HL Deb 19 February 1987 vol 484 cc1202-4

3.4 p.m.

Lord Mayhew

My Lords, I beg leave to ask the Question standing in my name on the Order Paper.

The Question was as follows:

To ask Her Majesty's Government with how many independently targeted warheads they propose to equip the Trident fleet.

The Minister of State for Defence Procurement (Lord Trefgarne)

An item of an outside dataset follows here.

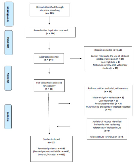 The outcomes of interest were procedural success and postoperative pain intensity rated on a Verbal- or Numeric Rating Scale (VRS/NRS) or a Visual Analogue Scale (VAS) during postoperative care, including the number of patients with moderate or severe pain (VRS/NRS > 4, VAS > 5). If pain intensity in the post-anaesthesia care unit (PACU) and the post-surgical ward was measured at several points in time, the highest pain score within the defined time period was registered. Procedural success was defined as completion of the specific neurosurgical operation without serious intra- or postoperative complications that caused patients to withdraw or be excluded from the study. Other outcomes of interest involved cumulative morphine/analgesic consumption, patients with DEX-related side effects (e.g., intra- or postoperative bradycardia, hypotension) and procedure-related outcomes (e.g., hypertension, tachycardia).

My Lords, as the noble Lord well knows, the information sought is highly classified and cannot therefore be given.

Lord Mayhew

My Lords, is the noble Lord aware of the statements of Ministers that, since the Trident fleet will carry not more than two and a half times the number of warheads carried by Polaris, the level of nuclear escalation is two and a half times? That ignores the greater size of the Trident warhead, its greater accuracy, its greater range and its ability to be independently targeted. Will the Minister look into this matter more carefully, including ministerial statements, and try to give the House a more objective and less political assessment?

Lord Trefgarne

My Lords, the noble Lord may be assured that Ministers have examined this matter. Indeed, I have given the noble Lord some of the answers to which he has referred. However, I am not prepared to give information which would be of value to our potential enemies, and I hope that the noble Lord is not prepared to do that either.

Lord Morris

My Lords, is my noble friend aware that, if any member of the Alliance had had experience in office, he would never have asked that question?

Noble Lords

Oh!

Lord Trefgarne

My Lords, it is the fact that the noble Lord, Lord Mayhew, once served in the Ministry of Defence that makes this question so puzzling.

Lord Mayhew

My Lords, is the noble Lord aware that the Government are fully entitled to withhold information on security grounds? As a Minister I have done that myself. However, the Government are not entitled to replace that information with propaganda statements.

Lord Trefgarne

My Lords, I do not believe that answering the noble Lord in the way that I did was propaganda.

Lord Paget of Northampton

My Lords, is the Minister aware that all of us know enough to realise that if the warheads we are getting were unfortunately to blow up in these islands, the explosion would be sufficient to incinerate every particle of carbon in the whole country? As we are built up as to about one-third of particles of carbon, it would definitely be awkward for us.

Lord Trefgarne

My Lords, that is why it is so important to ensure that that never happens.

Lord Jenkins of Putney

My Lords, is the noble Lord aware that the purpose of this question is to ascertain whether or not Trident is to be acceptable to the Alliance? It would seem that if the Minister can give the noble Lord a satisfactory answer, the Alliance will be able to support him on Trident. Therefore, he will possibly try a little harder. Is the Minister also aware that on the question of Trident, there is no halfway house: one is either for it or against it?

Lord Trefgarne

My Lords, as I understand the matter, and I confess to some confusion here, the policy of the noble Lord, Lord Mayhew, and his colleagues as regards our nuclear deterrent is a policy of "rust away" while the policy of noble Lords opposite is one of "give away".

Lord Kennet

My Lords, if a man ordered a two-litre car, then cancelled the order and replaced it with an order for a four-and-a-half litre car promising the world that he would somehow reduce its capacity to two litres, would the Government regard that as a wise purchasing policy?

Lord Trefgarne

My Lords, the purpose of Trident is to replace an independent deterrent which, by the mid-1990s, will be becoming rapidly less credible. That is why we have ordered the system which we have ordered and, as a matter of fact, the number of warheads available to Trident at the time of its introduction will be substantially fewer than the opposition will have at that time.

Lord Diamond

My Lords, is the noble Lord aware of the principle, which I believe lawyers generally accept, that if something untruthful is said and you do not object at the time, you may be held to be accepting that untruthfulness? In those circumstances can the Leader of the House advise me how I am to deal with the extraordinary statement made by one of his supporters that no member of the Alliance has ministerial experience?

The Lord President of the Council (Viscount Whitelaw)

My Lords, perhaps this would be a suitable moment for me to say that I do not think that the noble Lord needs advice from me, and I doubt whether he would take it if I gave it to him. I think the only advice I should give him at the moment is that possibly we are getting a little wide of the orginal Question and should pass on to the next one.